# Recommended round for Liliput 6.35



## Capt Quirk (Jan 3, 2017)

I have recently acquired a 1927-1928 .25 cal Model 1. It obviously hadn't been cleaned in a long while, and has been  failing to eject, failing to seat, stovepiping, and double feeding. The only thing it hasn't done, is blow up.

After getting a box of Winchester 50gr ammo, (the only box I could find within 100 miles) I tried a few rounds. I couldn't fire 2 rounds in a row. After a thorough cleaning and oiling, it does a little better, but still has the original issues.

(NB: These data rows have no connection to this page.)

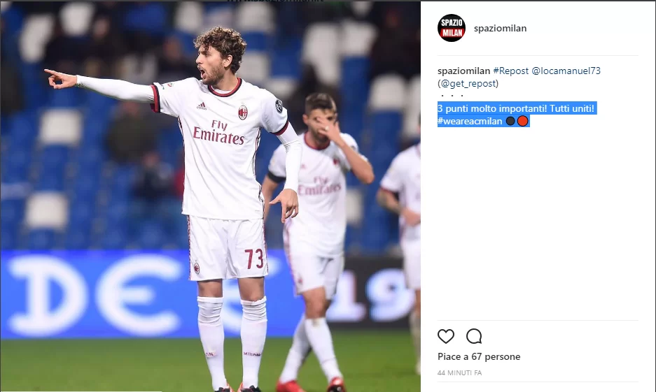 Manuel Locatelli dal suo profilo ufficiale di instagram ha esultato cosi per la vittoria contro il Sassuolo: "3 punti molto importanti! Tutti uniti! #weareacmilan ⚫️🔴"
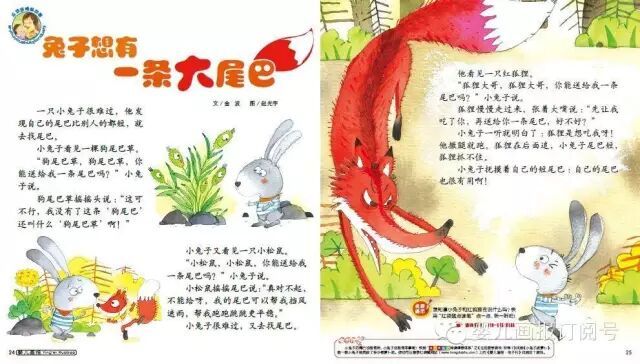 他看见一只红狐狸。“狐狸大哥,狐狸大哥,你能送给我一条尾巴吗?”小兔子说。
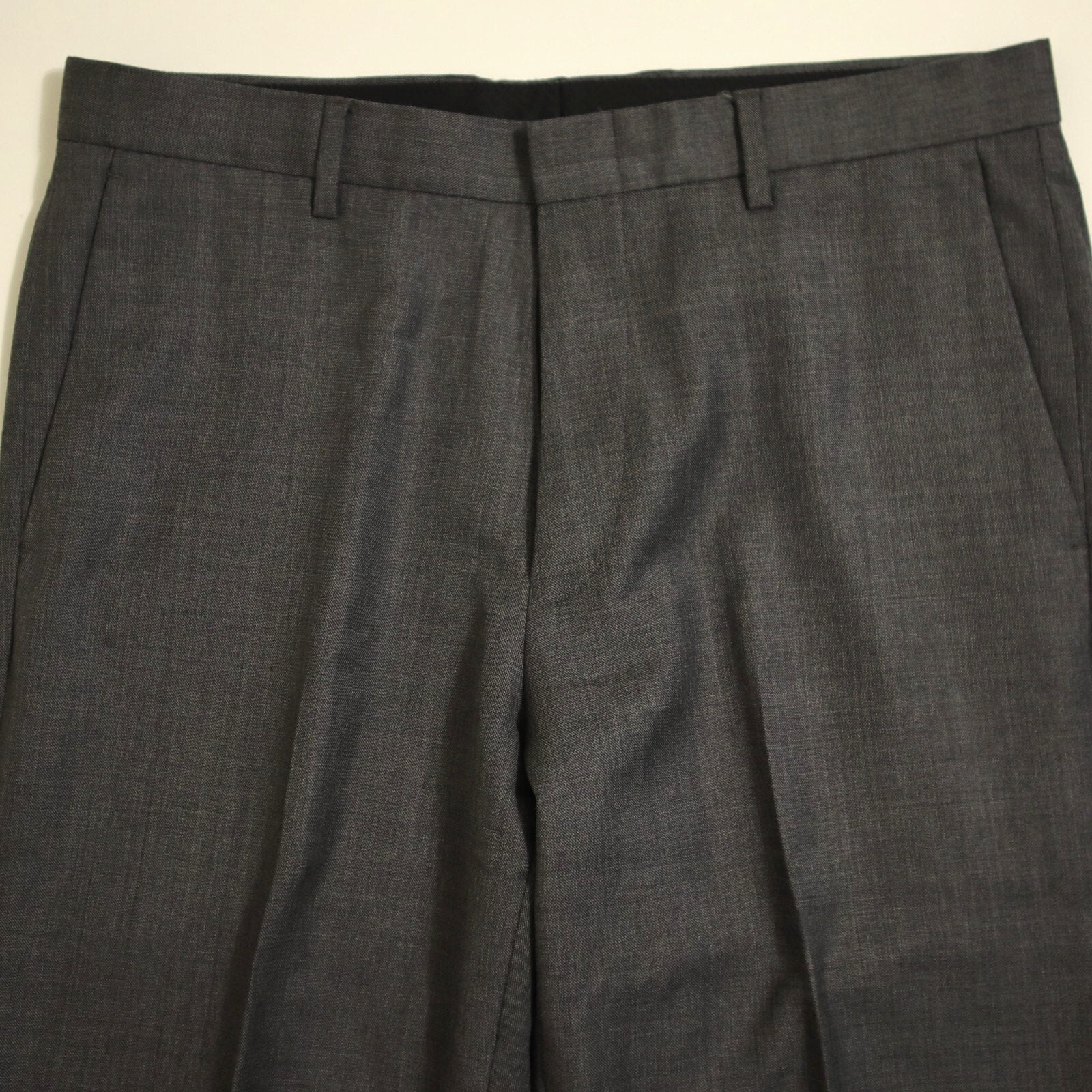 This suit is crafted with a classic 2 button, single-breasted design, featuring a double vented back for enhanced movement and fit. The jacket is equipped with flap pockets and 4 cuff buttons on each sleeve. The rich fabric is woven in a classic heathered gray and is composed of quality Italian wool, ensuring both luxury and comfort. The interior is fully lined. Jacket has been professionally altered to a 40 inch chest and 37 inch waist. Because of the nature of pre owned clothes, measurements can change over time. Please note measurements.
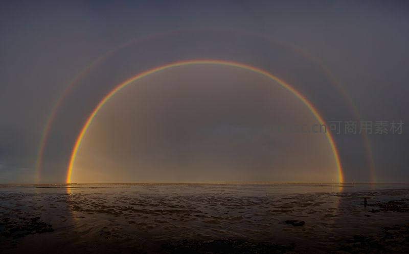 海滩上空完美的双彩虹弧线
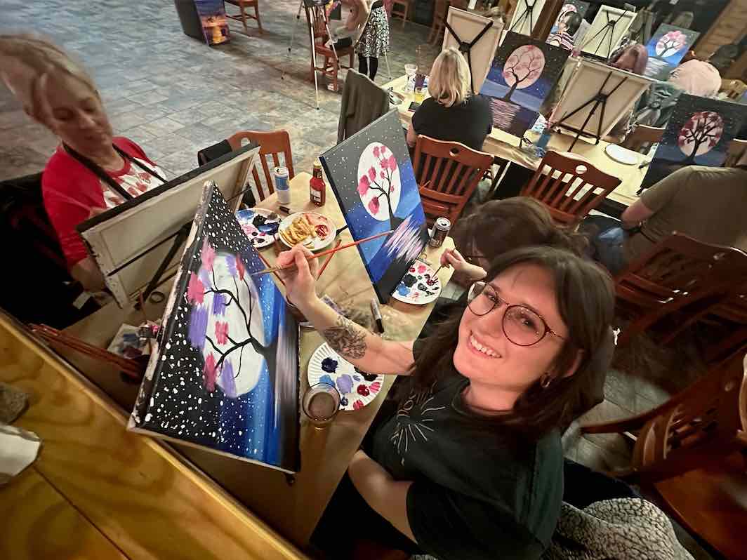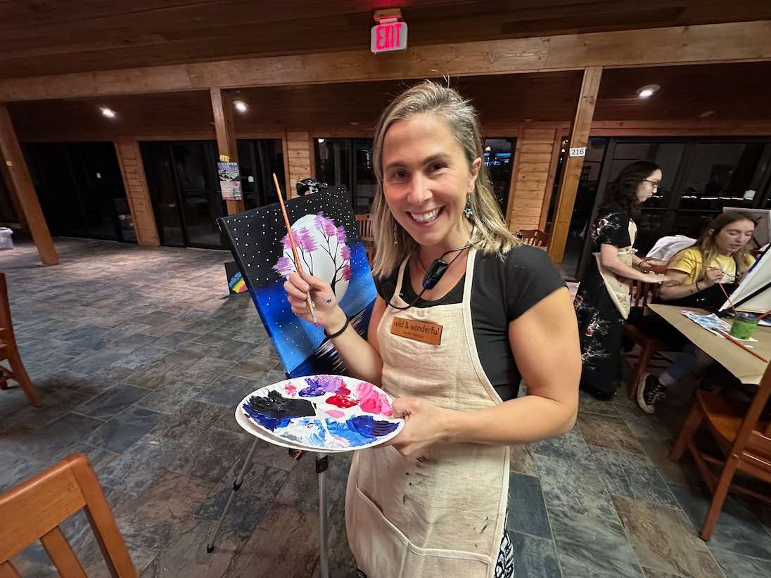 Kelly moved to Fayetteville, West Virginia in 2016 and began teaching art classes for the Fayetteville Arts Coalition, a local nonprofit in the community, to both adults and children. A few years later in 2018, Kelly began her own business, Wild and Wonderful Paint Parties. She has since helped thousands of delighted participants of all ages craft their own works of art through corporate team building events, birthday and bachelorette parties, and youth summer camps all around West Virginia.
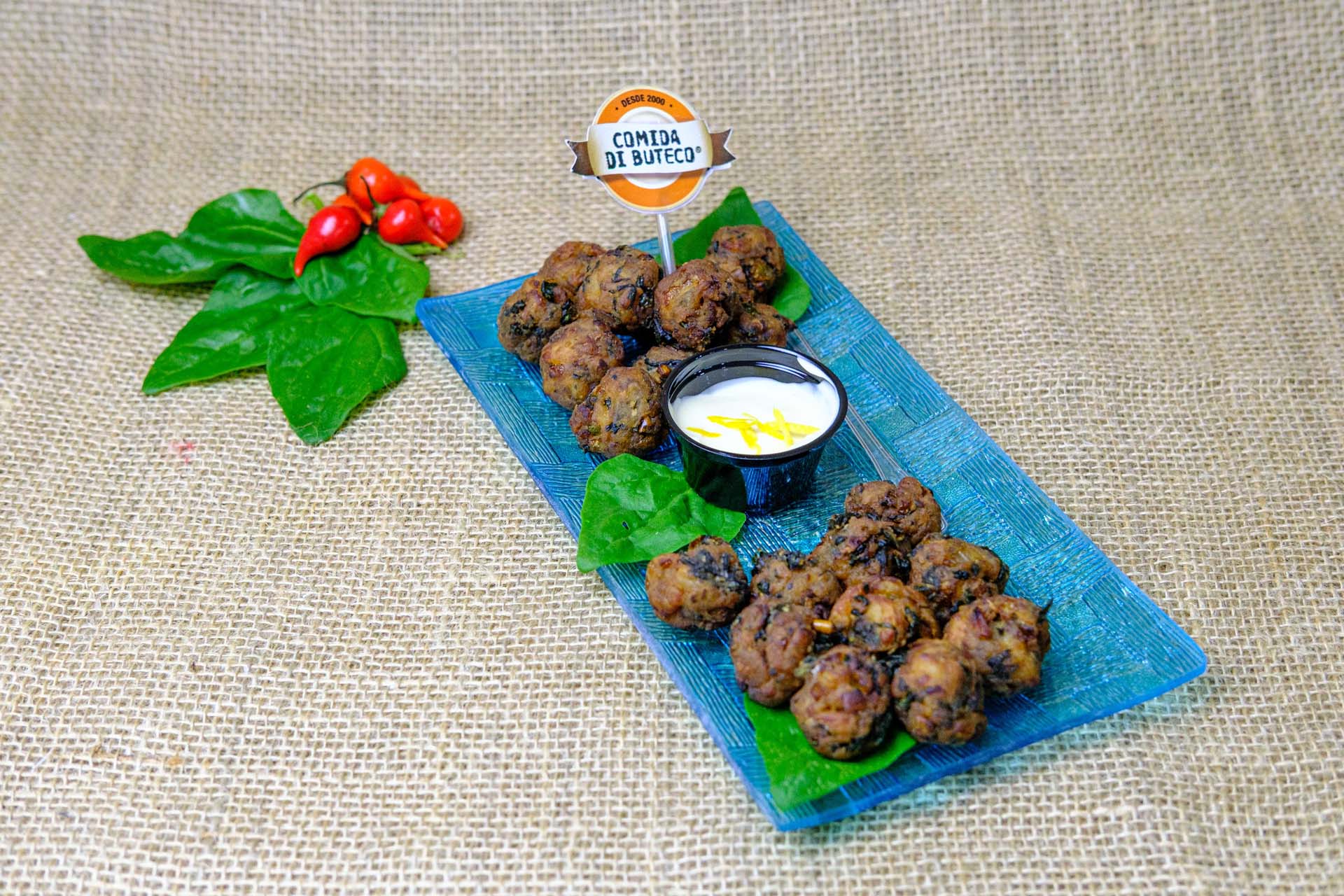 Carne de sol na chapa com mandioca crocante, cebola marinada na manteiga de garrafa com molho de 3 queijos.

Question- is 50gr to light?


----------



## fishtail (Jan 3, 2017)

I don't have any suggestions for the double feeding other than the lips of the magazine might be spread slightly.
You are probably not going to find anything heavier than 50gr stuff.
See if something like Hornadys 35gr XTP will improve the other problems.
My neighbor has a Beretta that really likes them but coughs at most any other ammo.


----------



## Capt Quirk (Jan 3, 2017)

So, you're saying to go with a lighter round? If I can find them, I'll give it a go.


----------



## fishtail (Jan 3, 2017)

Actually I was being specific.
Try the Hornady first.


----------



## Capt Quirk (Jan 3, 2017)

Ok, thanks. I'm sure I'll have to go to Macon one of these days. I was lucky to find one box in Dublin, and grabbed it.


----------



## fishtail (Jan 3, 2017)

I just looked in one of my reloading manuals and see the 35gr XTP has been discontinued, so the likely hood of finding ammo is almost none.

To give you some idea of why I was suggesting a lighter bullet:
The usual charge rate of Red Dot powder in 25acp with a 35gr bullet is from 1.1gr to1.4gr.
But with a 50gr bullet the suggested charge rate is 0.8gr to 1.2gr.
That increased powder charge may have been the issue of why a lighter bullet cycled better than the heavier.


----------



## fishtail (Jan 3, 2017)

A better comparison would be when using Bullseye powder.
The 35gr suggested load is from 1.2gr to 1.5gr.
The 50gr suggested load is from 1.0gr to1.2gr.


----------



## fishtail (Jan 3, 2017)

Another thing that can cause "failing to eject, failing to seat, stovepiping" is the recoil spring. The spring tension may not be as heavy as it was 90 years ago.
Some firearms have certain spring tensions for certain rounds that are to be used.

Problematically "good luck" finding one to fit your pistol.

I accidentally found a spring to repair a Derringer. 
It was in a ball point pen.


----------